Configuring the Lakehouse and Spark instances

  1. In the IBM watsonx context, verify that Lakehouse is available: from the main menu, select Services > Service instances and search for IBM watsonx.data Lakehouse.
  2. Create a watsonx.data Spark instance inside Lakehouse:
    1. Open the Infrastructure Manager.
    2. Select Add Component.
    3. Select IBM Spark, click Next.
    4. In the Configurations tab, select Create a native Spark engine and specify version 3.5. Define the Engine home to store the logs.
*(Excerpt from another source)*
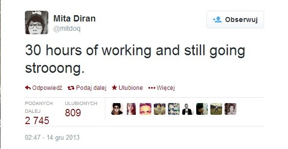 Mita Diran na jednej szali swojego życia stawiała wyjścia do klubów, wyjazd na urlop do domu, książki i dobre jedzenie, na drugiej zaś ścigające ją deadliny i adrenalinę, nadgodziny, brak snu i wymuszoną kreatywność o 1 w nocy. Granica oddania korporacji coraz mocniej przesuwała się w stronę całkowitego zatracenia. 30 października zauważyła, że "wszystkie jej tweety brzmią, jakby były zmęczone". Jaki znalazła sposób na sen? „Im więcej czasu spędzasz w pracy, tym częściej rozważasz przeniesienie tu swojego łóżka” – żartowała. Wymarzone wakacje, powrót do domu po 3 miesiącach nieobecności – 8 dni urlopu. Dla pracownika agencji reklamowej to istna utopia.
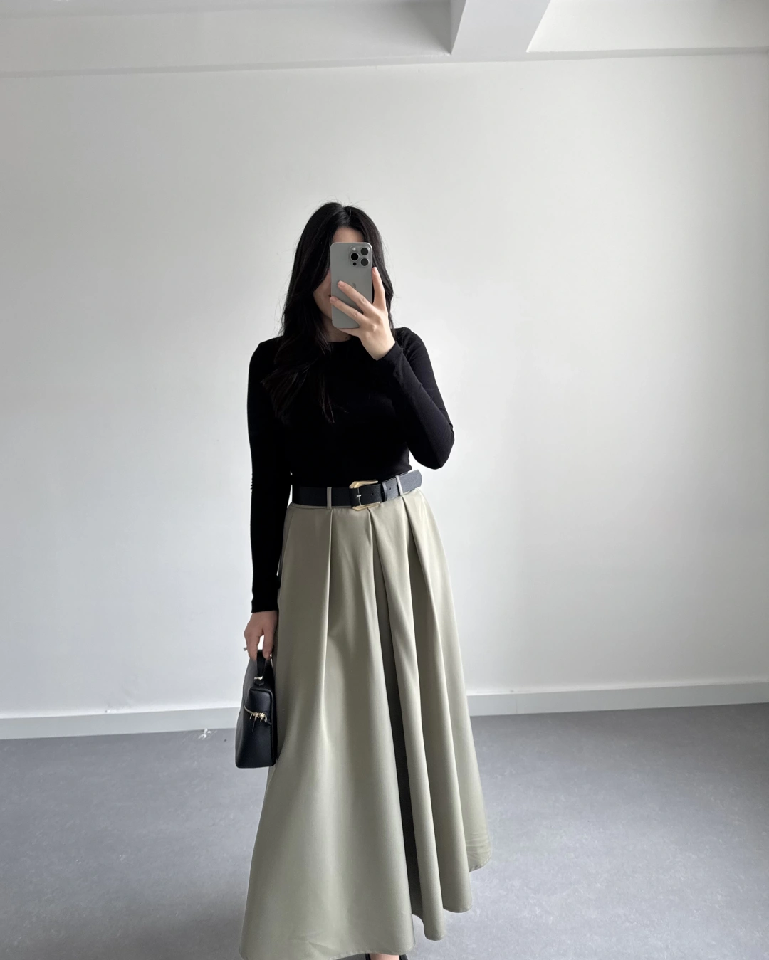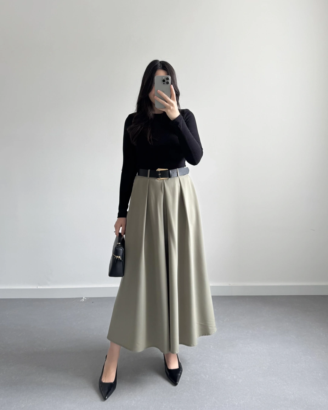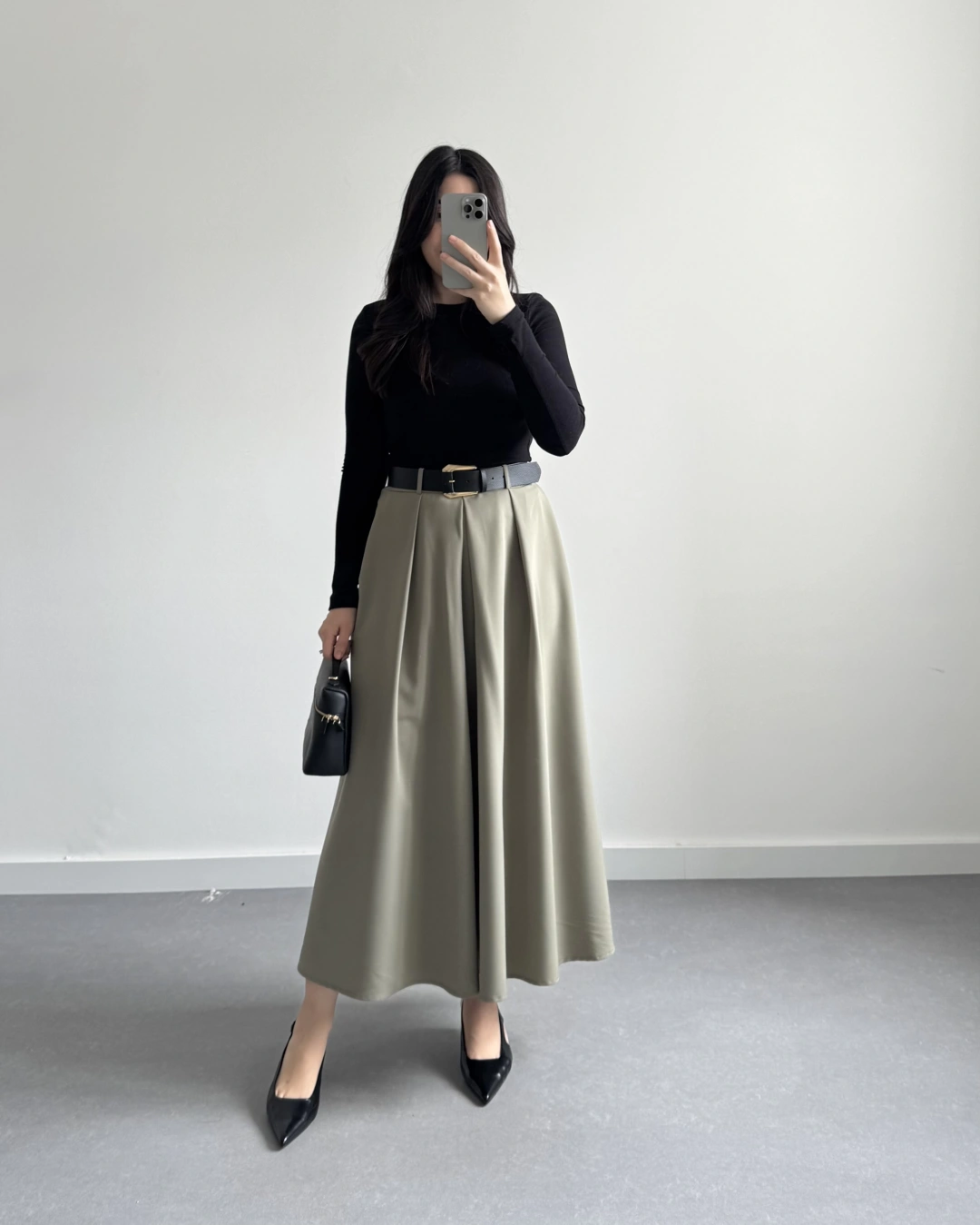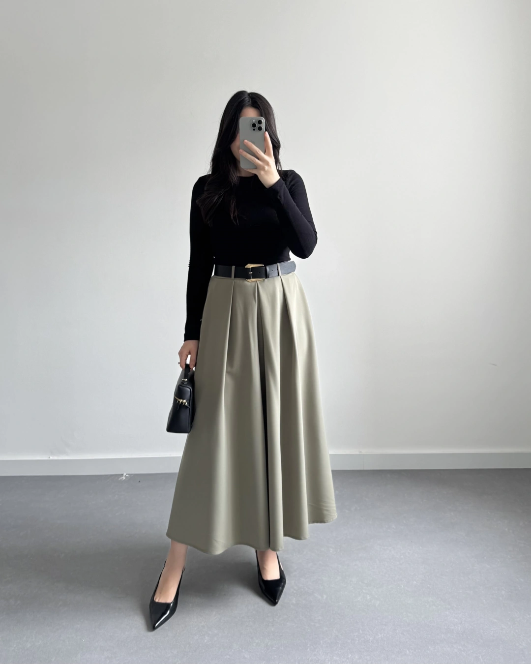 HAKİ KEMERLİ POLİVİSKON ETEK

Either select from the existing volumes or create a new volume.
    5. Click Create.

Configuring Spark for the Unstructured Data Integration flow

  1. Open a project where you want to run the flow and go to the Manage tab.
  2. Select Enviroments and open the Templates tab.
  3. Click New template.
  4. Provide the following Spark environment details:
    • Type: Spark
    • Spark engine: Select the lakehouse instance
    • Software version: Python 3.11 with watsonx.data Spark 3.5
  5. Click Create.
  6. Create a job with Spark to run the flow. In the Configuration step, provide the following information:
    • Runtime:Spark
    • Lakehouse instance: instance_name
    • Service instances: engine_name, for example, Spark35
    • Environments: environment_name
  7. Save the changes.

When you click Run Flow, the flow is executed on the Spark Cluster in a distributed fashion.

Accessing Spark logs

  1. Locate the volume name of the Spark instance. Open Infrastructure Manager, select your Spark instance, and check the associated volume name under Engine home volume.
  2. In the main menu, select Services > Instance. Select the instance from the previous step.
  3. Open the volume and find a folder named spark. Within that folder, find the Spark Application ID and open.
  4. Inside the application ID folder, find the Spark Pod ID. Open the logs folder.
  5. Select the name ending with stdout. It contains the Unstructured Data Integration logs.